Freebase is a large collaborative knowledge base consisting of metadata composed mainly by its community members. It is an online collection of structured data harvested from many sources, including individual 'wiki' contributions.[2] Freebase aims to create a global resource which allows people (and machines) to access common information more effectively. It was developed by the American software company Metaweb and has been running publicly since March 2007. Metaweb was acquired by Google in a private sale announced July 16, 2010.

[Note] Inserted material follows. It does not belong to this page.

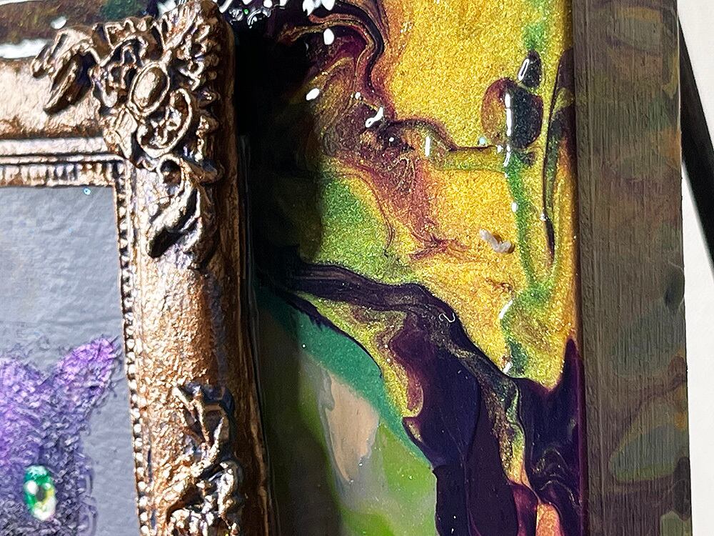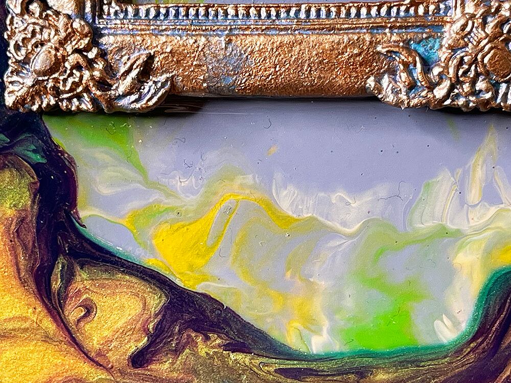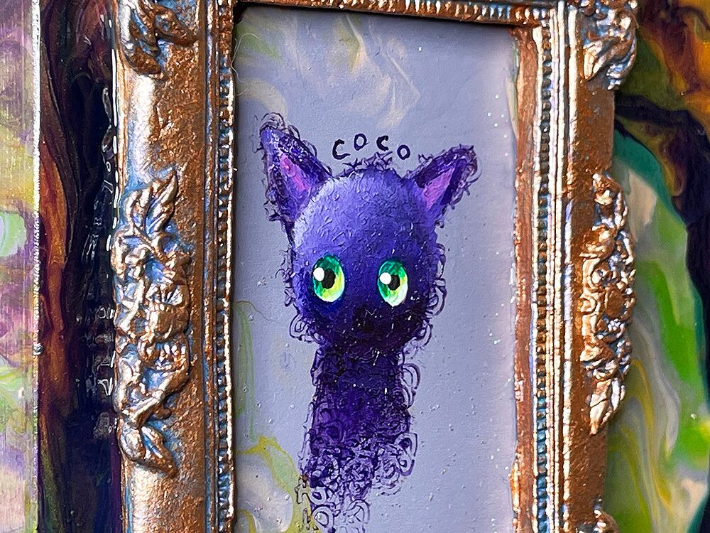 カラフルなポーリングの上に、石粉粘土を使用して手作りした小さな額を配置して、cocoくまが額に入った異色な作品です。

Freebase data is available for free/libre for commercial and non-commercial use under a Creative Commons Attribution License, and an open API, RDF endpoint, and database dump are provided for programmers. Google's News Timeline includes media information from Freebase.[3]

Contents

Overview

On March 3, 2007 Metaweb publicly announced Freebase, described by the company as "an open shared database of the world's knowledge," and "a massive, collaboratively-edited database of cross-linked data." Often understood as database model using wikipedia-turned-database or entity-relationship model, Freebase provides an interface that allows non-programmers to fill in structured, or 'meta-data', of general information, and to categorize or connect data items in meaningful, or 'semantic' ways.

Described by Tim O'Reilly upon their launch, "Freebase is the bridge between the bottom up vision of Web 2.0 collective intelligence and the more structured world of the semantic web."[4]

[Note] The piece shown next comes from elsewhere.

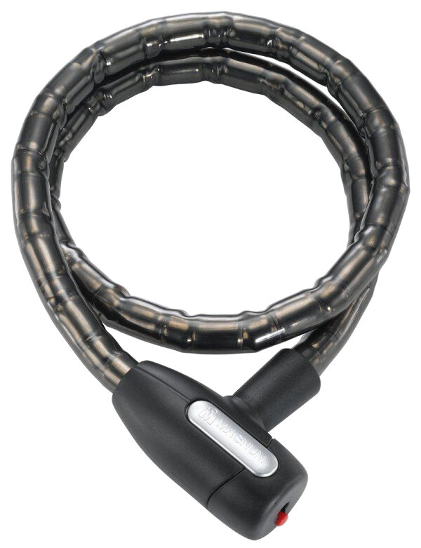 Tuhé ocelové lano je kryto hliníkovými články a tvrdým ochraným plastem s bezpečnostní hlavou, délka 1000mm a průměr 18mm, 5 klíčů. Hmotnost 680 g.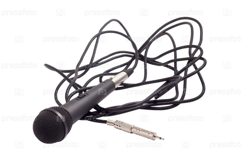 Микрофон с черным шнуром, изолированный на белом фоне с путем отсечения

Freebase contains data harvested from sources such as Wikipedia, ChefMoz, NNDB, and MusicBrainz, as well as individually contributed data from its users. The structured data is licensed under the Creative Commons Attribution License, [4] and a JSON based HTTP API is provided to programmers for developing applications on any platform to utilize the Freebase data. The source code for the Metaweb application itself is proprietary.

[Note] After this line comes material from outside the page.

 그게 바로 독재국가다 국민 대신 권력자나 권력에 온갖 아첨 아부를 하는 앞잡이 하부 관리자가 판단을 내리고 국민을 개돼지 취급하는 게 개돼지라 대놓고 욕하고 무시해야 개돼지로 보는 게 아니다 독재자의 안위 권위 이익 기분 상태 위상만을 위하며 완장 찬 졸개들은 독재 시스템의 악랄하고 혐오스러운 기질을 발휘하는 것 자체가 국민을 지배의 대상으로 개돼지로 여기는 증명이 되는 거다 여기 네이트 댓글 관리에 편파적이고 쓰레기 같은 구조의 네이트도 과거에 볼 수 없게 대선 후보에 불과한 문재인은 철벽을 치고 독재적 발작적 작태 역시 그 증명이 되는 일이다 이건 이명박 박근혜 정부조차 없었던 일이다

Freebase runs on a database infrastructure created in-house by Metaweb that utilizes a graph model. This means that instead of using tables and keys to define data structures, Freebase defines its data structure as a set of nodes and a set of links that establish relationships between the nodes. Because its data structure is non-hierarchical, Freebase can model much more complex relationships between individual elements than a conventional database, and is open for users to enter new objects and relationships into the underlying graph. Queries to the database are made in "Metaweb Query Language" (MQL).

Development

Danny Hillis first described his idea for creating a knowledge web he called Aristotle in a paper in 2000. But he said he did not try to build the system until he had recruited two technical experts as co-founders. Robert Cook, in parallel computing and database design, is Metaweb’s executive vice president for product development. John Giannandrea, formerly chief technologist at Tellme Networks and chief technologist of the Web browser group at Netscape/AOL, is the company’s chief technology officer.[5]

Originally accessible by invitation only, Freebase opened full anonymous read access to the public in its alpha stage of development, and now requires registration only for data contributions.

On October 29, 2008, at the International Semantic Web Conference 2008, Freebase released its RDF service for generating RDF representations of Freebase topics, allowing Freebase to be used as Linked Data.[6]

Organization and policy

Freebase's subjects (which often correspond to a Wikipedia article) are called topics and the data stored about them depend on their type, how they are classified. For example, an entry for Arnold Schwarzenegger, the former Governor of California, would be entered as a topic that would include a variety of types describing him as an actor, bodybuilder, and politician. Freebase has approximately 11.5 million topics as of April 2010.[7]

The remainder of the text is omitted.